I’ve never been a fan of the “sharing economy”. Not that there’s anything intrinsically wrong with Uber, Airbnb and their peers, it’s just that there doesn’t really seem to be much “sharing” going on. It’s more like adding a technological middleman to a rental market.
Now having shaken up the taxi and hotel market, the sharing economy has its eyes on a new market: housing for the digital workforce. This time it may have gone too far.
Leading the charge is WeWork, a company that has turned the yawn-inducing business of leasing office space into a $10bn valuation by trendifying the office experience and attracting like-minded businesses to “share” its spaces.

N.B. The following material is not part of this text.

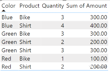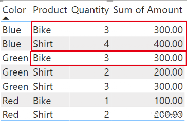 即它并不是仅仅以颜色作为筛选器筛选Sales表,实际上它是以【color, product, quantity】作为筛选器去筛选Sales表。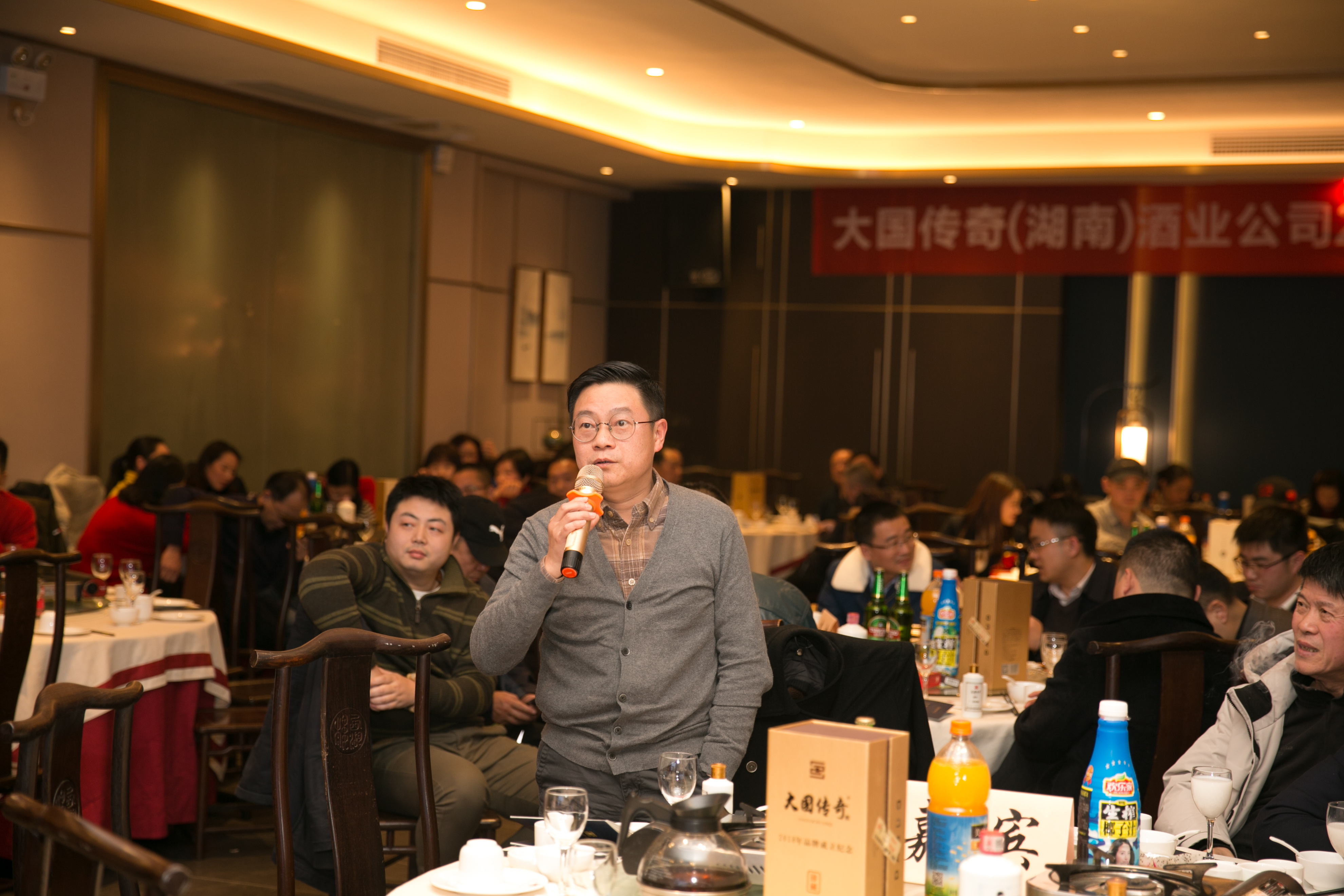 大國(guó)傳奇(湖南)酒業(yè)有限公司在王總的大力宣傳、推廣下,獲得了可喜的成績(jī),這離不開大家的支持和幫助,所以在這新春佳節(jié)到來之際,我們翻越高山,跨過大河,來到湖南長(zhǎng)沙答謝在座的各位朋友。現(xiàn)在我僅代表貴州大國(guó)傳奇酒業(yè)全體員工向前來參加年會(huì)的各位領(lǐng)導(dǎo)和嘉賓們表示衷心的感謝和熱烈的歡迎!

Sounds so much better than a lease, right? (Full disclosure: the Guardian’s New York office is in a WeWork building).
The strategy has paid off for the startup real estate company. It is now bigger than all but the three largest publicly traded office management firms, if only in terms of the value its investors place on it: it manages only a fraction of the number of square feet of office space.
Now WeWork is betting that its new business model, WeLive, will generate some 21% of its total revenue, or $609.8m a year, by 2018. There are a couple of giant assumptions underpinning that forecast, beyond the obvious one that the world of venture capital and the startups it has funded, including the giant “unicorns” (private companies worth more than $1bn), may not remain in robust health.

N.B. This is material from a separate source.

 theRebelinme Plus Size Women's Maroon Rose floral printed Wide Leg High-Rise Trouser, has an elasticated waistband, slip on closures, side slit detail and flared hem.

Even if the startup universe enjoys a blockbuster year in 2016, though, there are a few other considerations. First, the residential real estate scene in cities like San Francisco and New York is notoriously difficult to navigate economically, even if that’s the very reason fueling some of the potential demand for WeLive and other co-living/co-housing solutions. More seriously is the question: to what extent will workers be content, long term, to be presented with these worker dormitories as alternatives to affordable independent accommodation?
Within the technology universe there clearly will always be a subset of geeks for whom the line between work and life doesn’t just blur, but never really existed in the first place. For them, being able to bunk in a micro-apartment conveniently located perhaps only a block or two away from their office, in a space where everything from cleaning to bill paying is handled on your behalf, is the answer to a prayer.
At the other end of the spectrum are wannabes, those drawn to fast-growing cities and who hope to network their way to better jobs. Realistically, the amenities on offer in Brooklyn in the first shared living space to be opened by Common, another co-living company (backed by blue-chip venture capital companies like Maveron) are a lot better than those you’d find in a typical college dorm. The rental rates, at $1,800 to $1,950 a month, are affordable relative to the cost of a Brooklyn apartment when you consider that utilities, basic furniture, and basic supplies (salt and pepper, cleaning stuff) are thrown in.
But if you move into Common, you’re not getting an apartment – just a single bedroom, which is only 100 to 150 square feet. The mattress may be a Casper, but that’s still tiny. For comparative purposes, the median size of a studio apartment in Manhattan is a whopping 550 square feet, and to rent that, you’d pay on average about $200 a month more, although you’d have to hunt around. (Of course, you’d be paying for your own paper towels, and have to bring your own furniture.)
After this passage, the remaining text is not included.